John Bryan State Park is located just outside the quirky town of Yellow Springs. It is home to a 59 site campground. Unfortunately, the only toilets available are single stall vault toilets and they did not smell particularly great by mid-summer. Some sites on the perimeter have relatively level pads, but much of the camping is in the middle of a grassy field. I honestly wish the facilities were a bit better because there are so many great activities to explore in the area. But based on the lack of free camping spaces mid-day Saturday, it seems we are the only ones hesitating to camp.
Multiple trails follow the Little Miami River in the park. They are mostly flat and very well maintained. One of the attractions of the park is the ease with which you are able to create a loop. It is easy to follow the trails once you find the trailheads despite a trail map that looks like it was drawn by a drunken monkey. We started from parking lot near the lower shelter house. In the past we have found the South Gorge Trail to be less crowded, with some of the more spectacular scenery so we were disappointed to find the foot bridge closed for maintenance.
Much of the charm of the region results from the multiple geologic rock types and their differing rates of erosion. According to the many interpretive signs in the park, this caused the large boulder formations that they referred to whimsically as “slump blocks”. If there really is such a thing, that means somewhere there is a geologist who has written multiple papers on “slump blocks”. Perhaps there are even “slump block” experts. This idea tickles me.
Once the trail enters the adjacent Clifton Gorge State Nature Preserve it becomes a bit trickier. Be careful not to turn an ankle on the rocky terrain. While we saw many people out for a walk in flip flops. I would not advise it.
The cliffs that have been looming over the trail behind a screen of lush forest now draw close enough to be appreciated. Soon the trail climbs out of the gorge. A small nature center makes a great spot for a break with picnic tables, benches and indoor bathrooms. Sadly from this point on, the road draws so close to the gorge that you lose much of the sense of nature. This is also some of the most spectacular scenery as the fast moving waters create deep crevices and rushing waterfalls. Well maintained boardwalks and over looks make these views accessible for nearly all hikers. The trail ends at another parking lot, providing and alternative starting point for hikers to explore the area.
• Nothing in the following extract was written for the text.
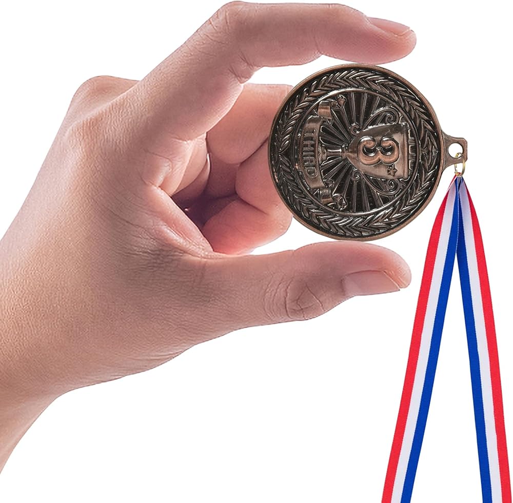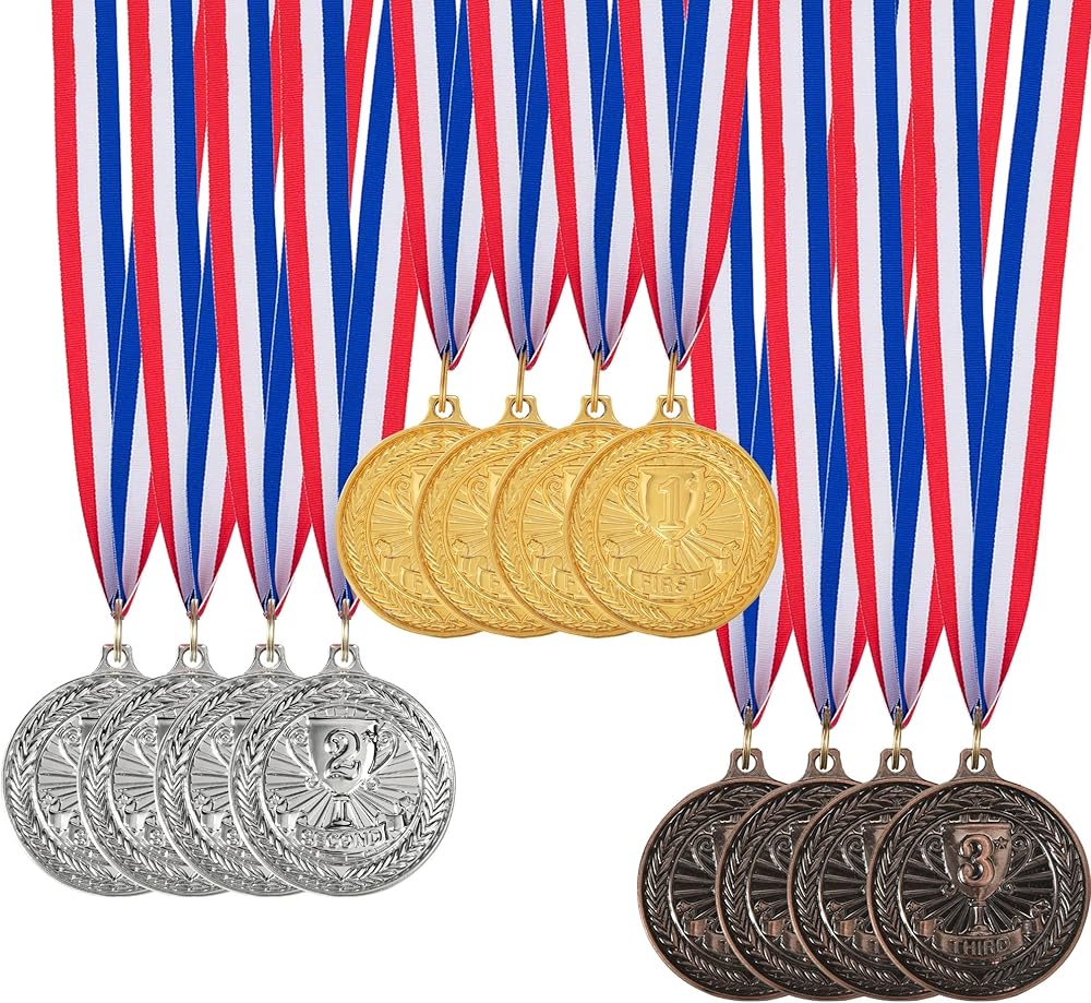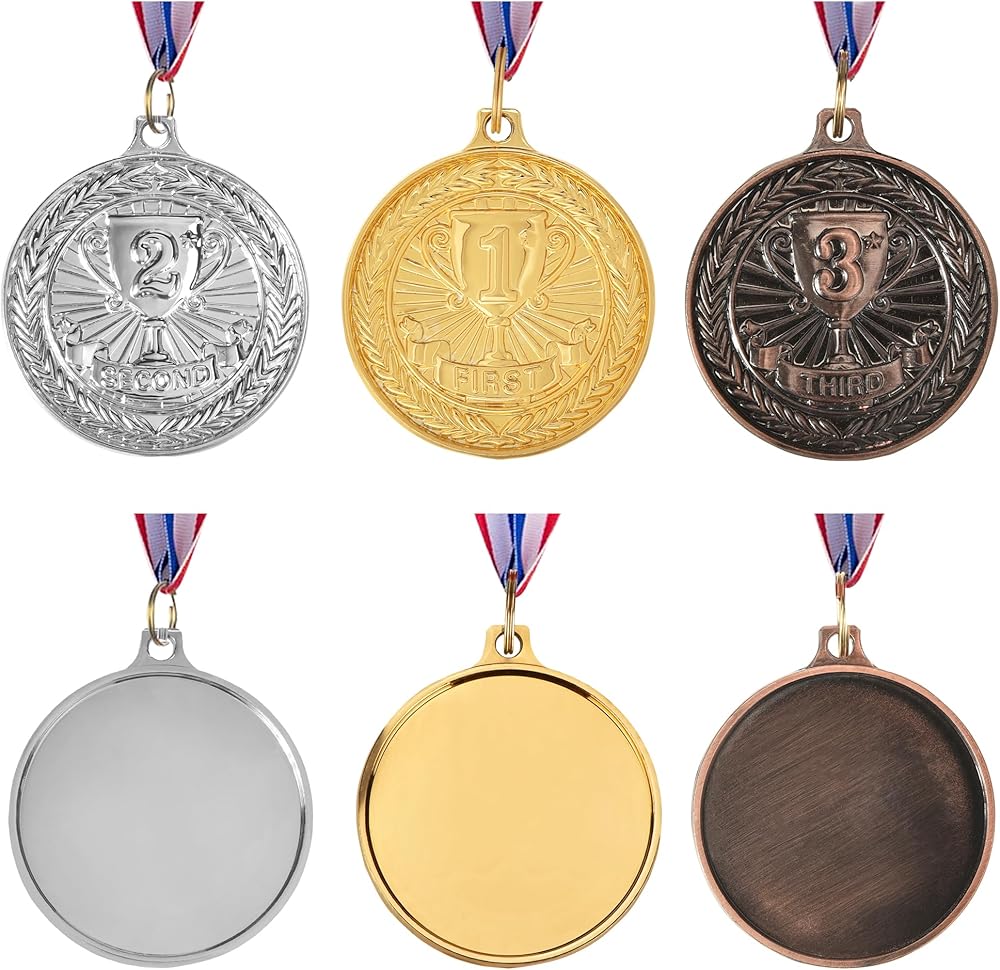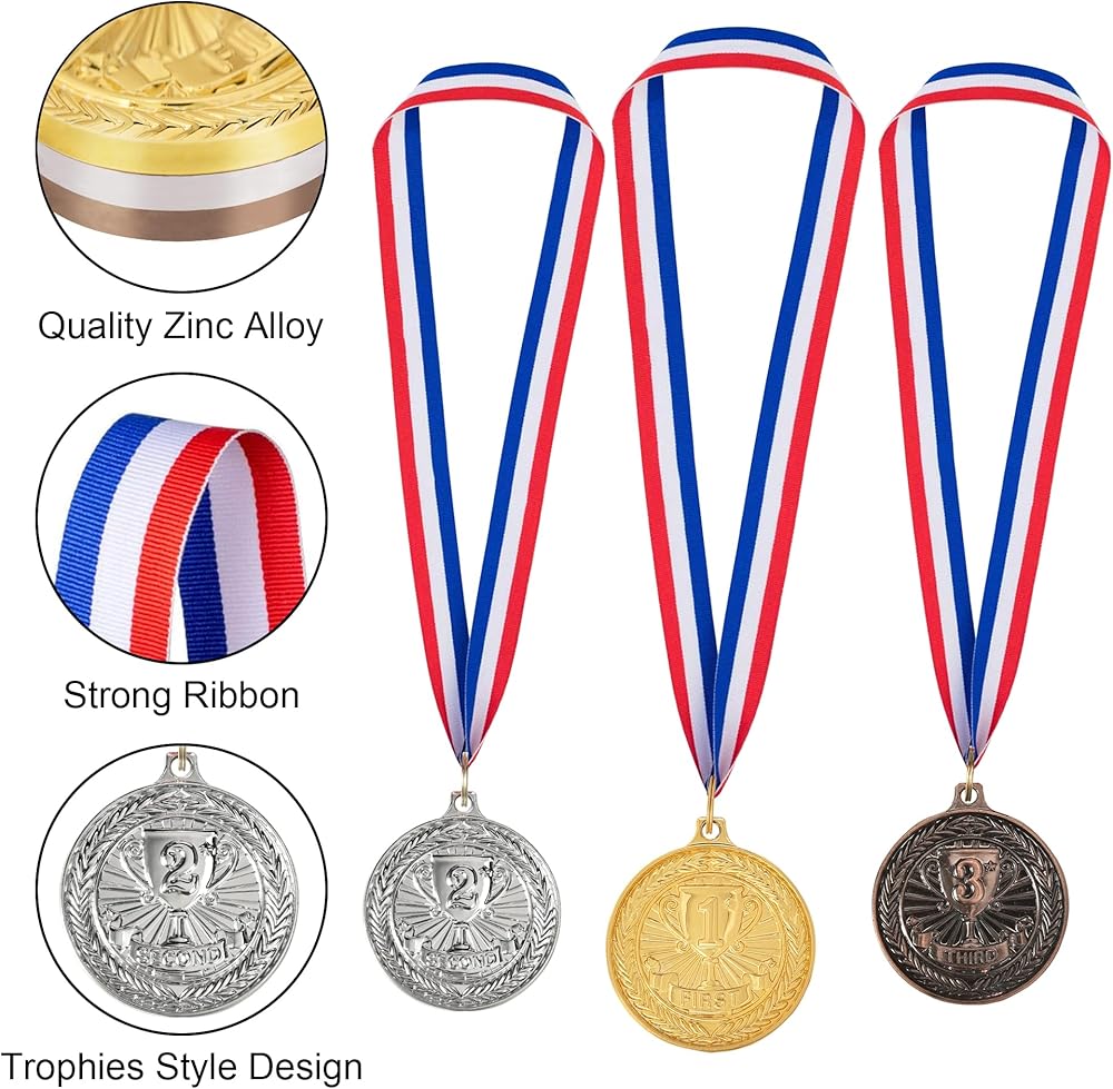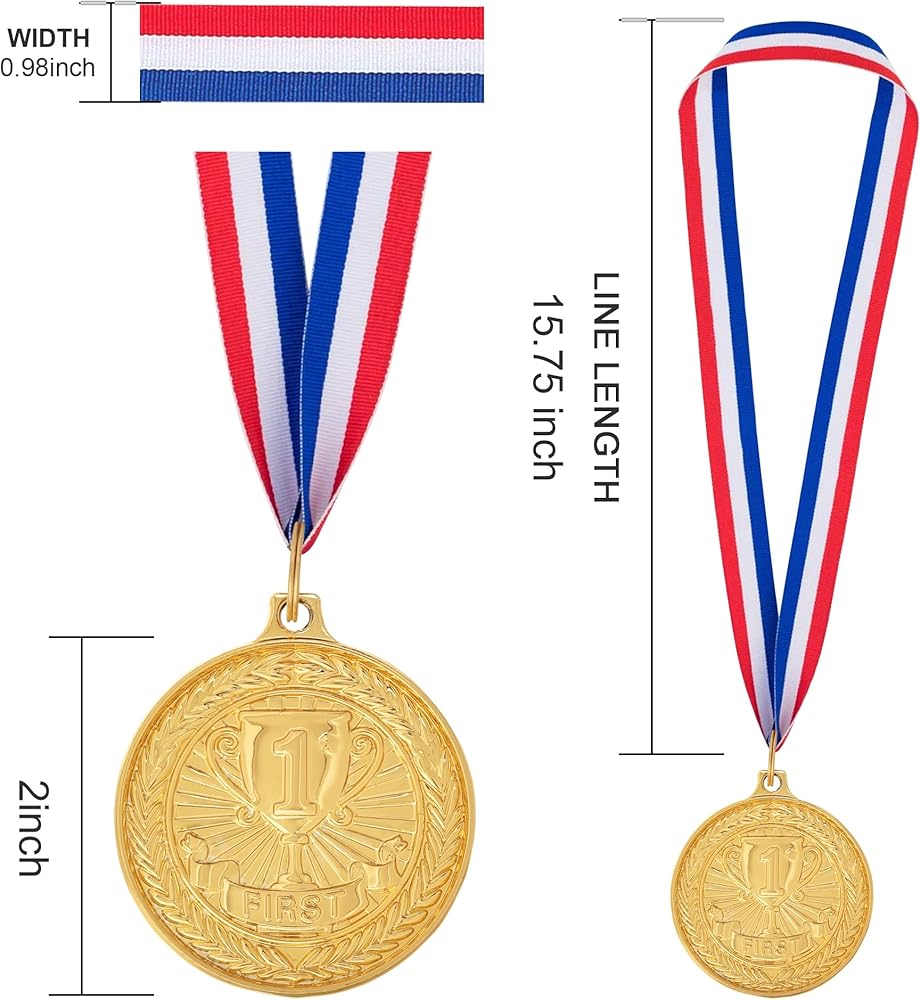 ما تحصل عليه: يتضمن 3 أنواع من الميداليات ، الميدالية الذهبية الأولى ، الميدالية الفضية في المركز الثاني ، الميدالية البرونزية في المركز الثالث ، 4 قطع لكل لون ، ما مجموعه 12 قطعة ؛ جائزة الميداليات تأتي مع شرائط.

For me the highlight of the trail was discovering an active honeybee hive in a tree just off the trail. They seemed just as ignorant of the many hikers passing by their home as most of the hikers who never gave them a glance.
On the return trip, we explored the North Rim trail to avoid the dreaded backtracking. This trail travels the tops of the cliffs a couple hundred feet above the river. Sadly there were no views to speak of. We did discover many eyelets in the rocks that local climbers use to anchor their ropes and ran into a couple of folks enjoying the park from a harness. Otherwise is was a nice walk in woods back to the car.
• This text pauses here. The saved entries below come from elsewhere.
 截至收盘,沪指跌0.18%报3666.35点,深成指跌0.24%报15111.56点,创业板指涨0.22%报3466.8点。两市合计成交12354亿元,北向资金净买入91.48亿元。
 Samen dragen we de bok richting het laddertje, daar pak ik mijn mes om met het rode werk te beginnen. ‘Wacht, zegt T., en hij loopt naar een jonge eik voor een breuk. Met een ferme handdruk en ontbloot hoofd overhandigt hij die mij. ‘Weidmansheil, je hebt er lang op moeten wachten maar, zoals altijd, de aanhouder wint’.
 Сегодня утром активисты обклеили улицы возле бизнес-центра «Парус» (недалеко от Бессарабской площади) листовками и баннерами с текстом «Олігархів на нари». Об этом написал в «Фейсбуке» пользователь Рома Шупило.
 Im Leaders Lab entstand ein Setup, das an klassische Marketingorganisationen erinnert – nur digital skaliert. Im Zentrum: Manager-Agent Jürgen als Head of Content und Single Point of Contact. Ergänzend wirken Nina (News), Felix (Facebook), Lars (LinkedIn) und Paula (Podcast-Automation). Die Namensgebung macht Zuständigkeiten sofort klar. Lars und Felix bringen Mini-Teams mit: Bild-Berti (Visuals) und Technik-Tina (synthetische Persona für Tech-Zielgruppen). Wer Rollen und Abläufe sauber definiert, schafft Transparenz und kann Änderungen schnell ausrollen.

We wrapped the day up with an early dinner in nearby Yellow Springs. We plan to return to the area to explore many of the other activities. The Little Miami bike path passes through town. We’ve heard good things about the Glen Helen Nature Preserve and Young’s Jersey Dairy Farm as well. There is still much to explore in this part of Ohio.
Frankly, we have idea how many miles we walked. The drunk-monkey maps mean we are only estimating, but based on the time we walked, I would say out and back was in the 5-6 mile range. Perfect for a summer stroll!